#### Source data:
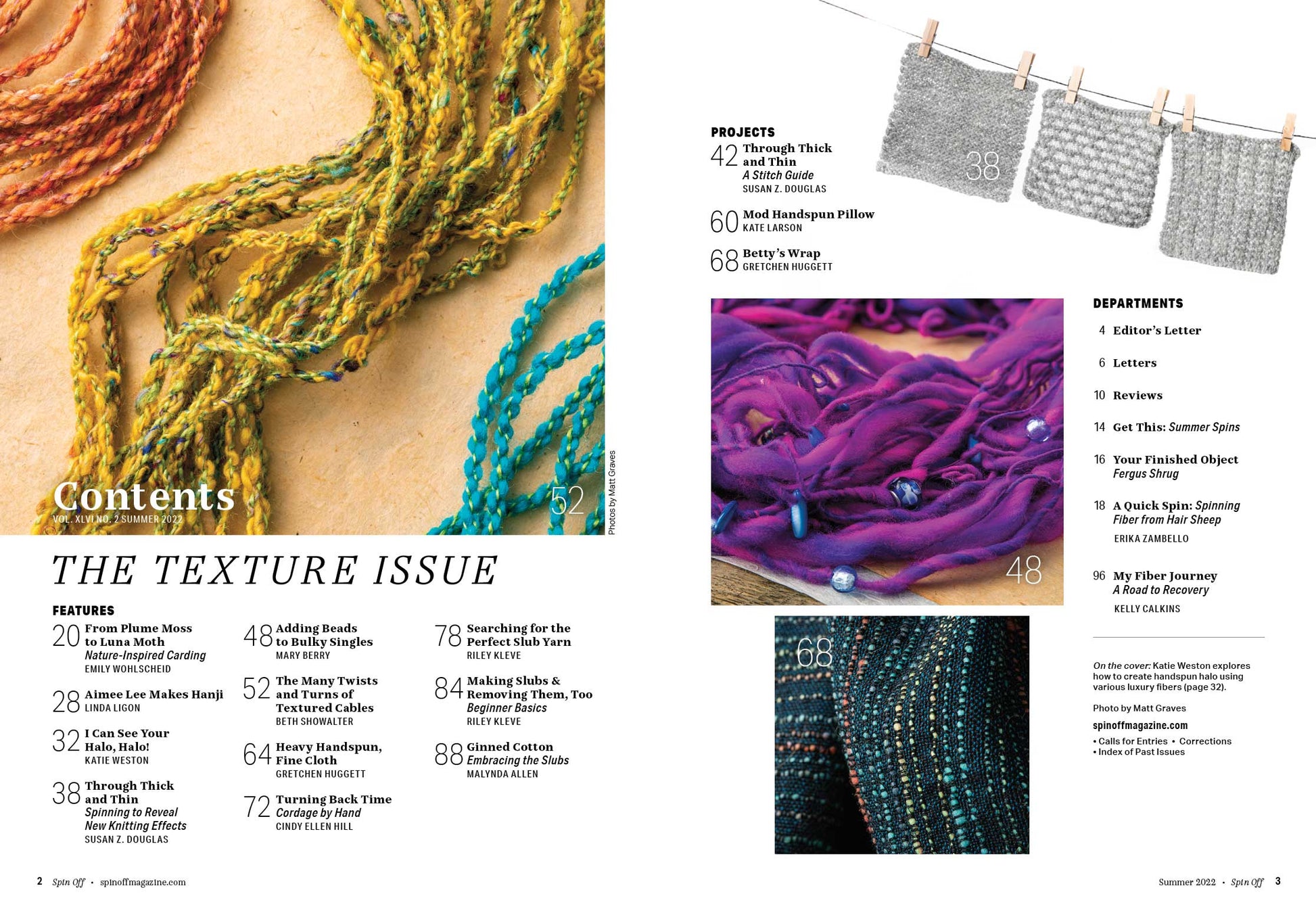 Join us for a deep dive into intentional texture, from smooth to slubby, silky to fuzzy. Explore ways to create, adapt, and use texture in your fibers, yarns, and finished textiles. Try creating handspun halo from four luxury fibers. Be inspired by 10 cabled-yarn variations. And learn how to avoid (or add!) slubs in your yarn.
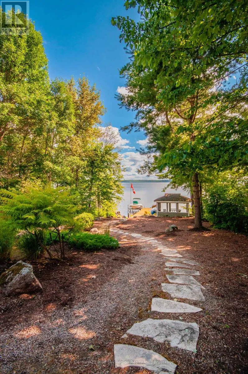 Cross Streets: OSPREY/MARINE. ** Directions: OSPREY CRES TO MARINE DR. Welcome to this stunning, custom-built south-facing home on an extra-deep waterfront lot on Callander Bay, Lake Nipissing, located in the desirable Osprey Links Subdivision with full municipal services. Nestled among majestic pines, this 3,900 sq. ft. home offers 4 bedrooms, 3.5 bathrooms, and both attached & detached double car garages. The main floor boasts a welcoming foyer, a sunken living room with vaulted pine ceiling, and a beautiful floor-to-ceiling limestone double-sided gas fireplace. The open-concept kitchen and dining area features maple cabinetry, granite counters, a large island with bar seating, and 21ft vaulted ceilings, with direct access to a large south-facing deck. The main floor primary suite overlooks the lake and includes its own fireplace, two walk-in closets, and a luxurious 5pc ensuite with a soaker tub. A 2pc powder room and a spacious mudroom/laundry area with garage access complete the main level. Upstairs, a large loft with custom maple staircase overlooks the living area ideal as a lounge, office, or kids' space. The walkout lower level includes a spacious rec room, exercise/flex area, 3 bedrooms (each with double closets), a 3pc bath (shared ensuite), and a 4pc Jack & Jill bath, plus storage and utility space. The naturally landscaped lot gently slopes to the water, with a lakeside gazebo, deck, and cantilever dock for easy seasonal use. Efficient forced air gas heating with AC, plus radiant heat in the lower level. From Callander Bay to the French River you have direct access to endless boating, sailing, fishing & snowmobiling from your front door. Close to the 18-hole Osprey Links Golf Course, beaches, trails, shopping, and only minutes from North Bay, 3.5 hours north of Toronto. (id:27476)
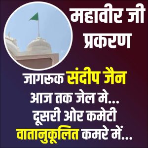 को श्री महावीर जी तीर्थ कमेटी महावीर जी के मुख्य द्वार पर पठान बाबा के जुलूस के दौरान हरे रंग का झंडा लगाने की सूचना समाज को देने पर कमेटी द्वारा उसे अपराधी घोषित करते हुए 30 अगस्त 2023 को पुलिस थाने में एफ.आई.आर दर्ज कराते हुए उसे जेल में भेज दिया ? इस घटनाक्रम के बाद संदीप जैन के पिताजी श्री सुरेंद्र जैन बड़े मंदिर की मैनेजर पाटनी जी के साथ-साथ वरिष्ठ विद्वान पंडित मुकेश जैन शास्त्री जनसंपर्क अधिकारी और अध्यक्ष सुधांशु कासलीवाल से माफी मांगते रहे मगर इनका दिल नहीं पसीजा जिसके फल स्वरुप संदीप जैन
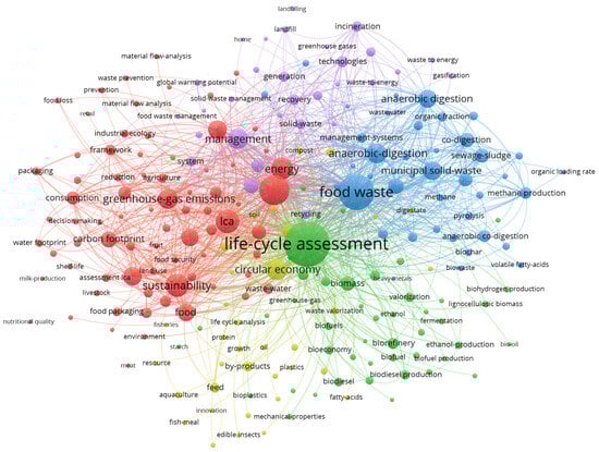 Figure 1 displays a network visualization based on the titles, abstracts, and keywords of selected 1598 articles for the selected keywords. It shows five clusters presented in different colors. The red cluster mainly deals with the environment in terms of LCA of food, GHG, and various environmental impacts. The green cluster outlines the processing and usage of biomass, biofuels, and bioenergy. The blue cluster is related to different types of bio-waste (bio-waste, kitchen waste, and food waste) and mechanisms of solving this environmental issue, such as processing sludge or anaerobic digestion. The yellow cluster is dedicated to the value chain covering the extraction of proteins from waste or composting. Finally, the purple cluster is deployed to waste management (solid or municipal waste) and conversion of waste to energy.
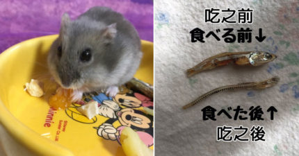 主人拍下倉鼠大嗑小魚乾對比照,放大看「完美魚刺根根分明」屌打人類!
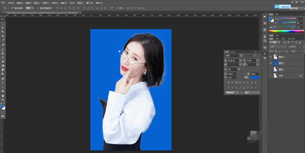 9、在下面新建一个图层,填充蓝色,可以看到头发被扣出来了。
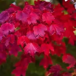 春季新叶泛红,与成串的红色花朵相映成趣;夏季枝叶成阴;秋季叶片为绚丽的红色,持续时间长。树型直立向上,树冠圆形。春天开红色小花,果有翅,红色。该树种生长迅速,是所有美国红枫品种中生长最快的品种。 习性特点: 适应性较强,耐寒、耐旱、耐湿。我国北京、河北、山东、辽宁、吉林、河南、陕西、安徽、江苏、上海、浙江、江西、湖南、湖北、云南、四川、新疆等地的气候均适宜,每年秋季纯正的改良红枫都能稳定地表现出绚丽的红叶效果,酸性至中性的土壤使秋色更艳。
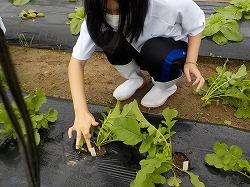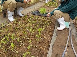 目安は生育が旺盛なものは残し、①生育が遅れていて小さいもの、②虫に葉が食べられているもの、が引き抜く対象ですが、生徒にとってはなかなか見極めが難しいようです。
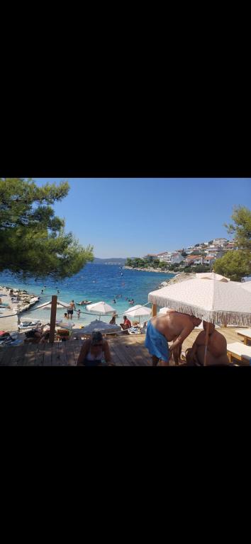 Apartamentul Katija este situat în Okrug Gornji, la doar 30 m de malul mării. Apartamentul nostru oferă o combinație perfectă de liniște, confort și o priveliște încântătoare asupra numeroaselor insule dalmate. Este o destinație ideală pentru familii, cupluri și oricine caută relaxare într-un mediu natural, departe de aglomerație, dar aproape de toate facilitățile necesare. Savurați cafeaua de dimineață sau apusul de seară pe terasa privată, unde vă așteaptă o priveliște uluitoare. La doar 5 minute de mers pe jos se află o plajă bine întreținută, potrivită pentru copii, cu apă puțin adâncă și umbră naturală - ideală pentru o vacanță în familie. Principalele caracteristici ale apartamentului: apropierea de mare, terasă cu o priveliște frumoasă, bucătărie complet utilată cu zonă de luat masa și living, două dormitoare cu paturi duble, baie cu duș și facilități de bază, Wi-Fi gratuit, aer condiționat, TV, parcare gratuită. Indiferent dacă plănuiți o vacanță activă sau pur și simplu doriți să vă bucurați de soare și mare, apartamentul nostru din cartierul Gornji vă oferă tot ce aveți nevoie pentru un sejur de neuitat.
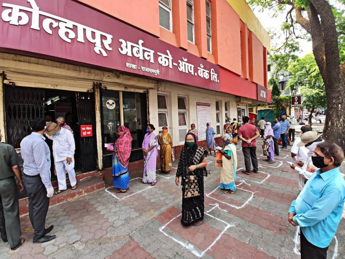 सुट्टी असल्यामुळे त्यांना पैसे काढता आले नाहीत. त्यामुळे सोमवारी बँकांमध्ये पेन्शन आणि कर्मचाऱ्यांनी जमा झालेला पगार काढण्यासाठी गर्दी केली. काही बँकांसमोरील रस्त्यावर रांगा आल्या होत्या. सोशल डिस्टन्ससाठी पट्टे आखून दिले असून, अंतर ठेवून तसेच सॅनिटायझर हाताला लावूनच बँकेमध्ये प्रवेश दिला जात आहे.
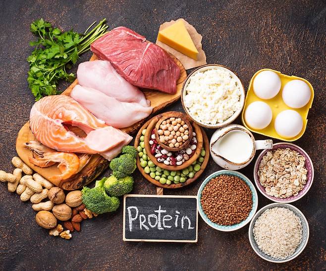 다만 무조건 많이 먹는다고 근육이 많이 생성되는 것은 아니다. 적절한 단백질 권장 섭취량은 하루에 몸무게 1㎏당 1~1.2g이다. 60㎏의 성인이라면 하루 60~72g의 단백질을 섭취하는 것이 적절하다.

#### Task to complete:
Apart from the images, the entries above must be returned without alteration.

#### Answer to this task:
 Join us for a deep dive into intentional texture, from smooth to slubby, silky to fuzzy. Explore ways to create, adapt, and use texture in your fibers, yarns, and finished textiles. Try creating handspun halo from four luxury fibers. Be inspired by 10 cabled-yarn variations. And learn how to avoid (or add!) slubs in your yarn.
 Cross Streets: OSPREY/MARINE. ** Directions: OSPREY CRES TO MARINE DR. Welcome to this stunning, custom-built south-facing home on an extra-deep waterfront lot on Callander Bay, Lake Nipissing, located in the desirable Osprey Links Subdivision with full municipal services. Nestled among majestic pines, this 3,900 sq. ft. home offers 4 bedrooms, 3.5 bathrooms, and both attached & detached double car garages. The main floor boasts a welcoming foyer, a sunken living room with vaulted pine ceiling, and a beautiful floor-to-ceiling limestone double-sided gas fireplace. The open-concept kitchen and dining area features maple cabinetry, granite counters, a large island with bar seating, and 21ft vaulted ceilings, with direct access to a large south-facing deck. The main floor primary suite overlooks the lake and includes its own fireplace, two walk-in closets, and a luxurious 5pc ensuite with a soaker tub. A 2pc powder room and a spacious mudroom/laundry area with garage access complete the main level. Upstairs, a large loft with custom maple staircase overlooks the living area ideal as a lounge, office, or kids' space. The walkout lower level includes a spacious rec room, exercise/flex area, 3 bedrooms (each with double closets), a 3pc bath (shared ensuite), and a 4pc Jack & Jill bath, plus storage and utility space. The naturally landscaped lot gently slopes to the water, with a lakeside gazebo, deck, and cantilever dock for easy seasonal use. Efficient forced air gas heating with AC, plus radiant heat in the lower level. From Callander Bay to the French River you have direct access to endless boating, sailing, fishing & snowmobiling from your front door. Close to the 18-hole Osprey Links Golf Course, beaches, trails, shopping, and only minutes from North Bay, 3.5 hours north of Toronto. (id:27476)
 को श्री महावीर जी तीर्थ कमेटी महावीर जी के मुख्य द्वार पर पठान बाबा के जुलूस के दौरान हरे रंग का झंडा लगाने की सूचना समाज को देने पर कमेटी द्वारा उसे अपराधी घोषित करते हुए 30 अगस्त 2023 को पुलिस थाने में एफ.आई.आर दर्ज कराते हुए उसे जेल में भेज दिया ? इस घटनाक्रम के बाद संदीप जैन के पिताजी श्री सुरेंद्र जैन बड़े मंदिर की मैनेजर पाटनी जी के साथ-साथ वरिष्ठ विद्वान पंडित मुकेश जैन शास्त्री जनसंपर्क अधिकारी और अध्यक्ष सुधांशु कासलीवाल से माफी मांगते रहे मगर इनका दिल नहीं पसीजा जिसके फल स्वरुप संदीप जैन
 Figure 1 displays a network visualization based on the titles, abstracts, and keywords of selected 1598 articles for the selected keywords. It shows five clusters presented in different colors. The red cluster mainly deals with the environment in terms of LCA of food, GHG, and various environmental impacts. The green cluster outlines the processing and usage of biomass, biofuels, and bioenergy. The blue cluster is related to different types of bio-waste (bio-waste, kitchen waste, and food waste) and mechanisms of solving this environmental issue, such as processing sludge or anaerobic digestion. The yellow cluster is dedicated to the value chain covering the extraction of proteins from waste or composting. Finally, the purple cluster is deployed to waste management (solid or municipal waste) and conversion of waste to energy.
 主人拍下倉鼠大嗑小魚乾對比照,放大看「完美魚刺根根分明」屌打人類!
 9、在下面新建一个图层,填充蓝色,可以看到头发被扣出来了。
 春季新叶泛红,与成串的红色花朵相映成趣;夏季枝叶成阴;秋季叶片为绚丽的红色,持续时间长。树型直立向上,树冠圆形。春天开红色小花,果有翅,红色。该树种生长迅速,是所有美国红枫品种中生长最快的品种。 习性特点: 适应性较强,耐寒、耐旱、耐湿。我国北京、河北、山东、辽宁、吉林、河南、陕西、安徽、江苏、上海、浙江、江西、湖南、湖北、云南、四川、新疆等地的气候均适宜,每年秋季纯正的改良红枫都能稳定地表现出绚丽的红叶效果,酸性至中性的土壤使秋色更艳。
 目安は生育が旺盛なものは残し、①生育が遅れていて小さいもの、②虫に葉が食べられているもの、が引き抜く対象ですが、生徒にとってはなかなか見極めが難しいようです。
 Apartamentul Katija este situat în Okrug Gornji, la doar 30 m de malul mării. Apartamentul nostru oferă o combinație perfectă de liniște, confort și o priveliște încântătoare asupra numeroaselor insule dalmate. Este o destinație ideală pentru familii, cupluri și oricine caută relaxare într-un mediu natural, departe de aglomerație, dar aproape de toate facilitățile necesare. Savurați cafeaua de dimineață sau apusul de seară pe terasa privată, unde vă așteaptă o priveliște uluitoare. La doar 5 minute de mers pe jos se află o plajă bine întreținută, potrivită pentru copii, cu apă puțin adâncă și umbră naturală - ideală pentru o vacanță în familie. Principalele caracteristici ale apartamentului: apropierea de mare, terasă cu o priveliște frumoasă, bucătărie complet utilată cu zonă de luat masa și living, două dormitoare cu paturi duble, baie cu duș și facilități de bază, Wi-Fi gratuit, aer condiționat, TV, parcare gratuită. Indiferent dacă plănuiți o vacanță activă sau pur și simplu doriți să vă bucurați de soare și mare, apartamentul nostru din cartierul Gornji vă oferă tot ce aveți nevoie pentru un sejur de neuitat.
 सुट्टी असल्यामुळे त्यांना पैसे काढता आले नाहीत. त्यामुळे सोमवारी बँकांमध्ये पेन्शन आणि कर्मचाऱ्यांनी जमा झालेला पगार काढण्यासाठी गर्दी केली. काही बँकांसमोरील रस्त्यावर रांगा आल्या होत्या. सोशल डिस्टन्ससाठी पट्टे आखून दिले असून, अंतर ठेवून तसेच सॅनिटायझर हाताला लावूनच बँकेमध्ये प्रवेश दिला जात आहे.
 다만 무조건 많이 먹는다고 근육이 많이 생성되는 것은 아니다. 적절한 단백질 권장 섭취량은 하루에 몸무게 1㎏당 1~1.2g이다. 60㎏의 성인이라면 하루 60~72g의 단백질을 섭취하는 것이 적절하다.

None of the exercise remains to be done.